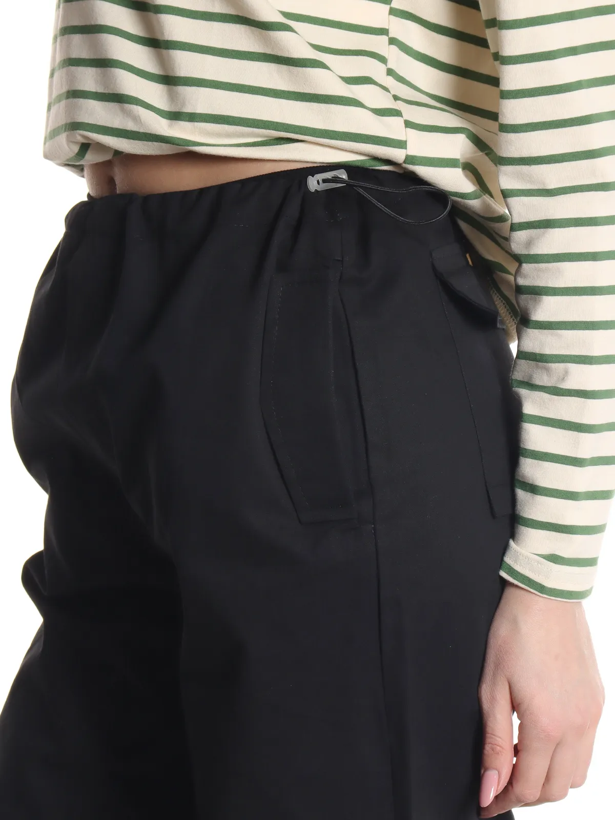 - Пояс: удобный, затягивается по бокам с помощью кулиски для лучшей посадки.
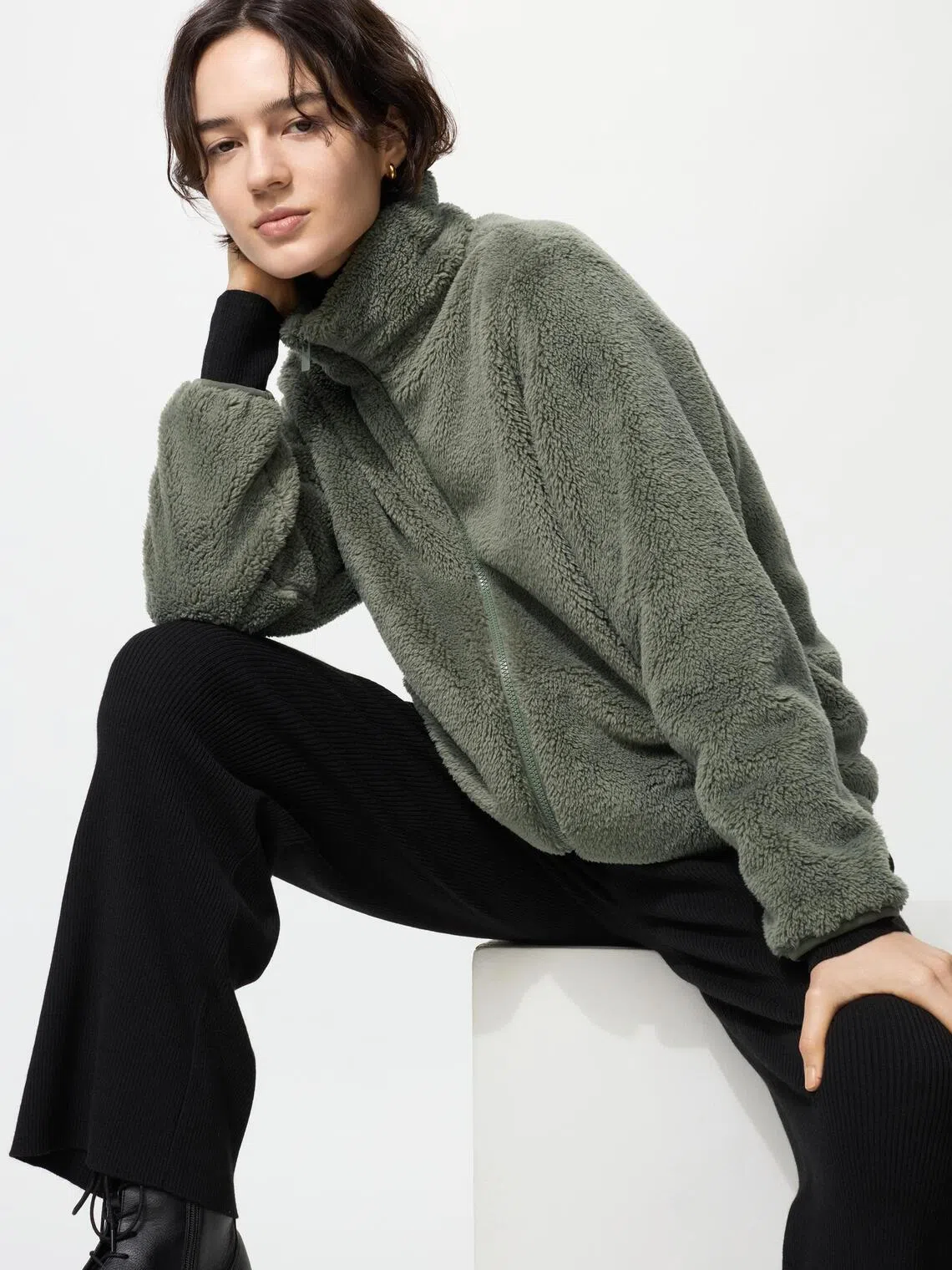 Veste à manches longues en polaire moelleuse Uniqlo, verte.
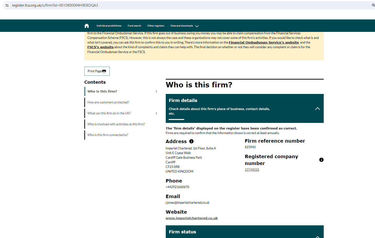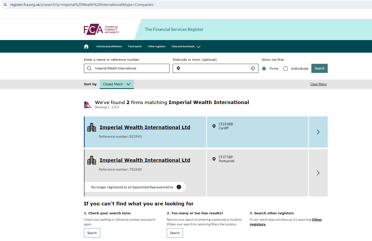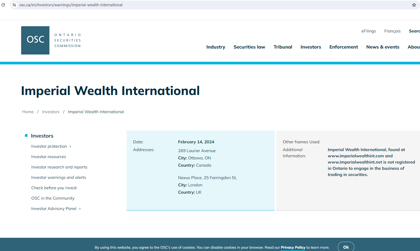 According to its website, it displays two addresses. One is located in the United Kingdom. Upon investigation, we found similar companies in the Financial Conduct Authority (FCA) through the company name. However, after careful comparison, we found that their websites and addresses did not match Imperial Wealth International. Obviously, Imperial Wealth International is not regulated by the FCA. The other one is located in Ottawa. After searching, it was found that no matching information was found in the Investment Industry Regulatory Organization of Canada (IIROC).In addition, the Ontario Securities Commission (OSC) issued a warning that Imperial Wealth International was providing financial services or products without authorisation.The truth is that Imperial Wealth International is not regulated by any regulators. Letting it hold or control investors' money is unsafe, and the money can not be protected by any laws.Imperial Wealth International is a scam.
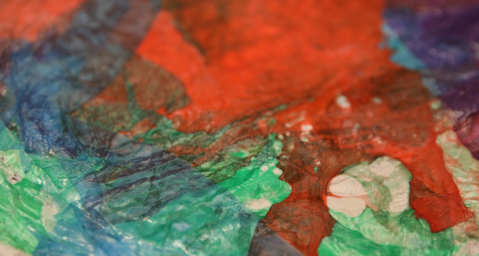 El material utilizado es un cartón que se prensa de cientos de bolsas plásticos multicolores para darle un color especial. |
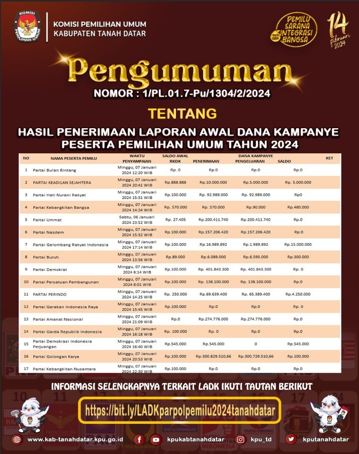 Pengumuman Nomor 1/PL.01.7-Pu/1304/2/2024 tentang Hasil Penerimaan Laporan Awal Dana Kampanye Peserta Pemilihan Umum Tahun 2024
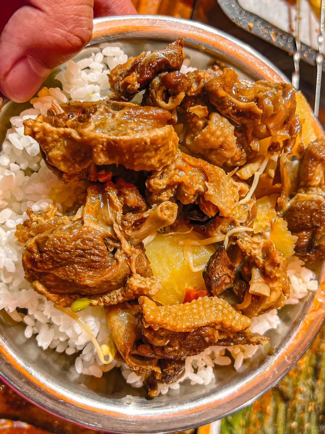 用古法碳炉炖出来的大鹅真是格外的香!选用的大鹅都是家养的,个大肉嫩!
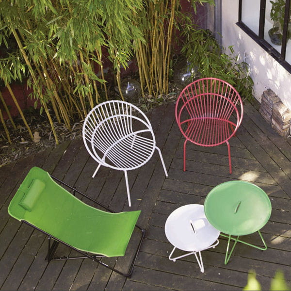 Le mobilier outdoor se fait tout en rondeur chez Castorama. Nous, on aime beaucoup la table d'appoint verte à poignée : facile à déplacer sur la terrasse.
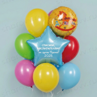 Фонтан из шаров "От всей души благодарим!" состоит из 11 латексных шариков пастель ассорти, фольгированной звезды голубого цвета с индивидуальной надписью и фольгированного шара круга с готовой надписью на выпускной в детском саду. Размер латексных шаров 35-40см. Гарантированное время полета шариков 48 часов (как правило летают неделю и дольше). Шарики доставляются собранными в фонтан на грузике.
*****
No pictures should appear in the copy, which holds exactly the lines from the first line of the data through the line with "Le mobilier outdoor" and nothing else.

_Answer area:_
 - Пояс: удобный, затягивается по бокам с помощью кулиски для лучшей посадки.
 Veste à manches longues en polaire moelleuse Uniqlo, verte.
 According to its website, it displays two addresses. One is located in the United Kingdom. Upon investigation, we found similar companies in the Financial Conduct Authority (FCA) through the company name. However, after careful comparison, we found that their websites and addresses did not match Imperial Wealth International. Obviously, Imperial Wealth International is not regulated by the FCA. The other one is located in Ottawa. After searching, it was found that no matching information was found in the Investment Industry Regulatory Organization of Canada (IIROC).In addition, the Ontario Securities Commission (OSC) issued a warning that Imperial Wealth International was providing financial services or products without authorisation.The truth is that Imperial Wealth International is not regulated by any regulators. Letting it hold or control investors' money is unsafe, and the money can not be protected by any laws.Imperial Wealth International is a scam.
 El material utilizado es un cartón que se prensa de cientos de bolsas plásticos multicolores para darle un color especial. |
 Pengumuman Nomor 1/PL.01.7-Pu/1304/2/2024 tentang Hasil Penerimaan Laporan Awal Dana Kampanye Peserta Pemilihan Umum Tahun 2024
 用古法碳炉炖出来的大鹅真是格外的香!选用的大鹅都是家养的,个大肉嫩!
 Le mobilier outdoor se fait tout en rondeur chez Castorama. Nous, on aime beaucoup la table d'appoint verte à poignée : facile à déplacer sur la terrasse.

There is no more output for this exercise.